Panel recommends changes to Orthodox conversion, offers snapshot of converts

UNITED STATES
JTA

By Uriel Heilman
July 6, 2015

NEW YORK (JTA) – After facing criticism for its handling of inappropriate behavior by a convert-supervising rabbi who turned out to be a mikvah-peeping voyeur, the country’s main centrist Orthodox rabbinical group has released key guidelines aimed at preventing abuses during the conversion process.

The Rabbinical Council of America is recommending that would-be converts be given a clear sense from the outset of the timeline and requirements for conversion, and that the conversion curriculum be standardized.

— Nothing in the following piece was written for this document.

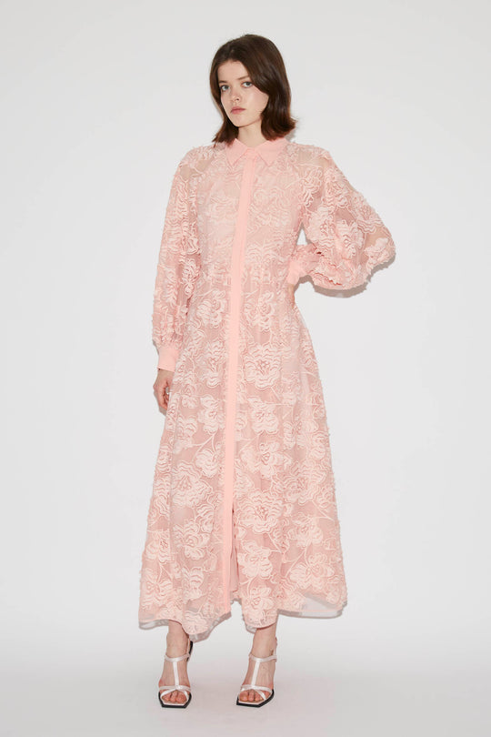 The Lilli is a waisted shirt dress made from embroidered organdie cotton with an all-over rose motif. The Lilli has voluminous long sleeves with buttoned cuffs, a concealed button placket and falls to ankle length. The body is lined with silk.

The review of the RCA’s Geirus Protocol and Standards (GPS) conversion process, announced last October two weeks after Rabbi Barry Freundel’s arrest, was designed to establish safeguards against rabbinic misconduct and included both women and converts.

Aside from his crimes of voyeurism, including having female conversion candidates take “practice dunks” in the mikvah ritual bath so he could record them naked on a hidden camera, Freundel had conversion candidates do free clerical work, kept prospective converts in the dark about how long their conversions could take and employed seemingly arbitrary benchmarks for judging candidates’ readiness for conversion. Converts say Freundel is not alone among conversion-sponsoring rabbis in using seemingly capricious timelines and standards for conversion, despite the RCA’s centralizing of Orthodox conversion in 2007 under its GPS system.